I asked them to value it themselves. They showed they appreciated the worth of the land by the price they set: four thousand dollars--four thousand 'pieces'. They would not cheapen it--not even for the sake of getting it more quickly. A man appreciates that spirit. I have set the period for half-yearly payments at ten years--and I will help out with improved farm implements at the rate of interest I mentioned.
"In less than ten years, if the crops are good, it is theirs. If the crops are poor, they can still pay for it in the period set. They are young. They have something to work for during the best years of their lives."
"But how do you feel about parting with all this land that was your ancestors? Are n't you, too, bound to it by ties of value given?"
"Me? My ancestors!" he exclaimed. "Where did you get that idea? Who told you that this was ancestral land of mine?"
"Mrs. Macleod, or Jamie, intimated it was yours by inheritance."
"Hm--I must undeceive them. But _you_ are not to harbor such a thought for a moment."
"I won't if you say so--but I would like to know how things stand." I grew bold to ask, at the thought of his expressed confidence in me.

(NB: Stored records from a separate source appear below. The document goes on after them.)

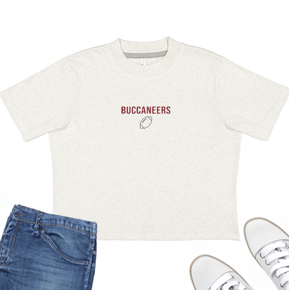Show your team pride with the Buccaneers Crop, perfect for staying cool and stylish while cheering on Tampa Bay. This comfortable crop top fits snugly, making it easy to layer or wear alone for game day or casual outings. Support your favorite team in style and comfort wherever you go.
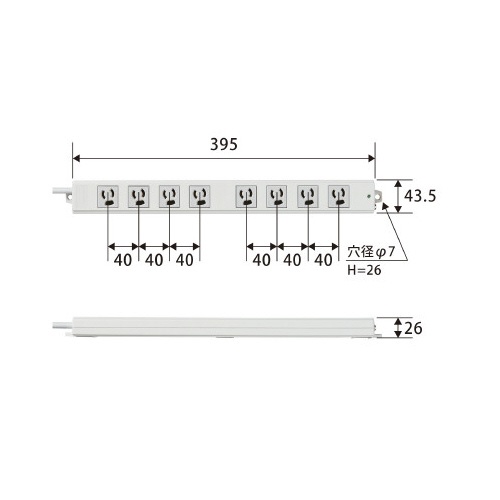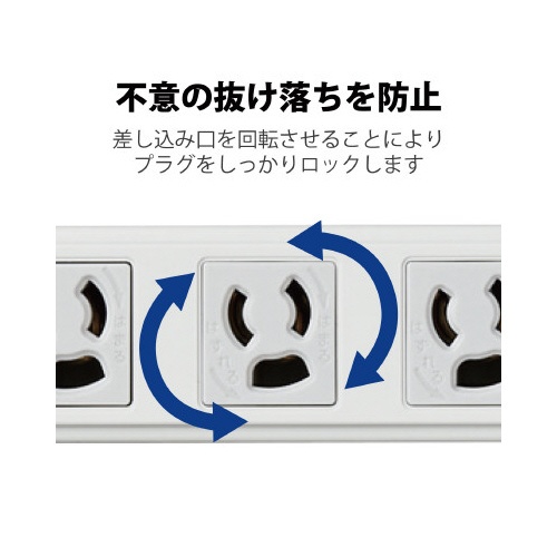 2. 抜け止めOAタップ 3P 8個口 1m グレー
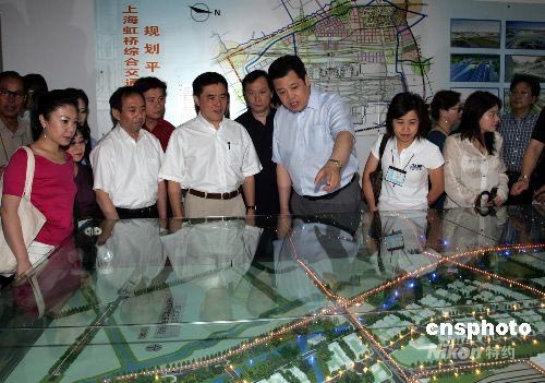 6月24日,臺北市長郝龍斌專程考察上海虹橋綜合交通樞紐工程,意在建立臺北松山機場至上海虹橋機場新直航點,共同形成“兩小時經濟圈”。中新社發(fā) 潘索菲 攝
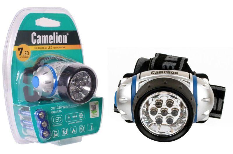 Фонарь Camelion электрический светодиодный налобный. Цвет корпуса: серебро + чёрный. Работает от 3 X AAA батареек (входят в комплект). Материал корпуса - пластик. Источник света - 7 светодиодов с рассеивающими линзами с цветовой температурой 6500К, со световым потоком 20 люмен. Дистанция освещения - до 20 метров. Три режима работы. Выключатель - трехпозиционный кнопочного типа. Время работы при использовании солевых батареек: 1 светодиод - до 70 часов, 3 светодиода - до 35 часов, 7 светодиодов - до 25 часов. Комплектация: фонарь, батарейки 3 x R03 Camelion Super Heavy Duty, эластичный ремешок для ношения на голове, поворотный отражатель, упаковка. Степень пыле-влаго-защиты IP44. Упаковка - двойной блистер. Максимальный линейный размер фонаря 6,8 см. Размер упаковки 7 см x 11 см x 15 см. Вес без упаковки 0,07 кг. Вес с упаковкой и батарейками 0,136 кг.
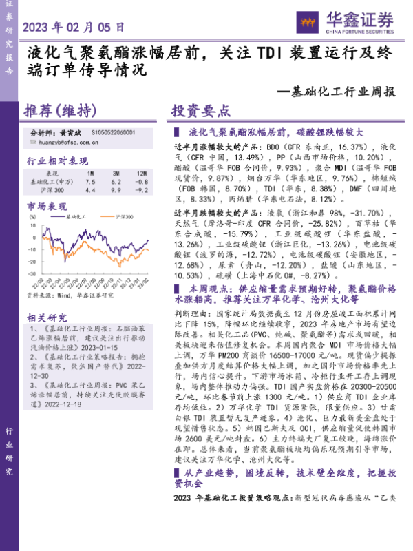 【华鑫证券】【20230205】基础化工行业周报:液化气聚氨酯涨幅居前,关注TDI装置运行及终端订单传导情况-38页
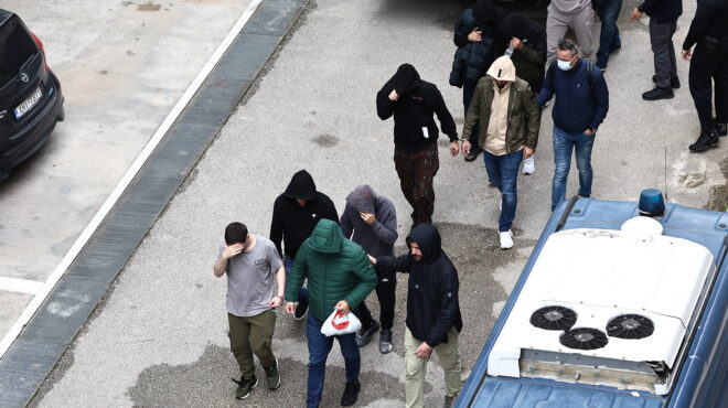 Οι κατηγορούμενοι οδηγήθηκαν το πρωί στα δικαστήρια της πρώην Σχολής Ευελπίδων, όπου παρουσιάστηκαν ενώπιον του Έλληνα Ευρωπαίου ανακριτή.
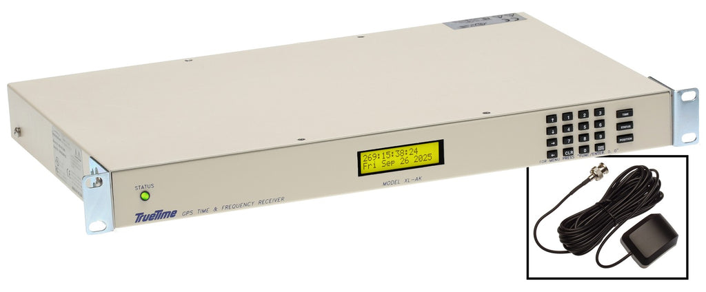 The rack-mount XL-AK GPS receiver provides ultra-precise time and frequency. This configurable instrument provides timing outputs to within 40 nanoseconds rms of UTC/USNO and frequency outputs accurate to less than 1x10-12, even when tracking satellites with Selective Availability (SA) implemented. User-configurable outputs provide significant flexibility in configuring the XL-AK as a central source for IRIG time codes or output pulses.

"Why, it's all so simple--"
"More simple, I hope, than all that matter of seigniorial rights and transferences I read upon, in the Library before I came--and was no wiser than before."
"And you thought-- Oh, this is rich!" he said, thoroughly amused.
I nodded. "Yes; I thought you were a seignior. I dreamed dreams, before coming here of course, of retainers and ancestral halls, and then--I was met by Cale at the boat landing!"
Mr. Ewart fairly shouted as he sensed my disappointment on the romantic side upon discovering Cale.
"And the first thing you did, poor girl, was to lay a rag carpet strip in the pa.s.sageway for my seigniorial boots--spurred, of course, in your imagination--to make wet snow tracks on! Oh, go on, go on; tell me some more. I would n't miss this for anything."
Before I could speak there was a decided rap on the door.
"That's Jamie," I said; "he has come for the fun."
"Come in," cried Mr. Ewart. Jamie intruded his head; his rueful face caused an outburst on my part.
"I say, Ewart, is it playing fair to a man to have all this unwonted hilarity in business hours, and keep me out?"
"No more it is n't, mon vieux. Come in and hear about Miss Farrell's seigniorial romancing."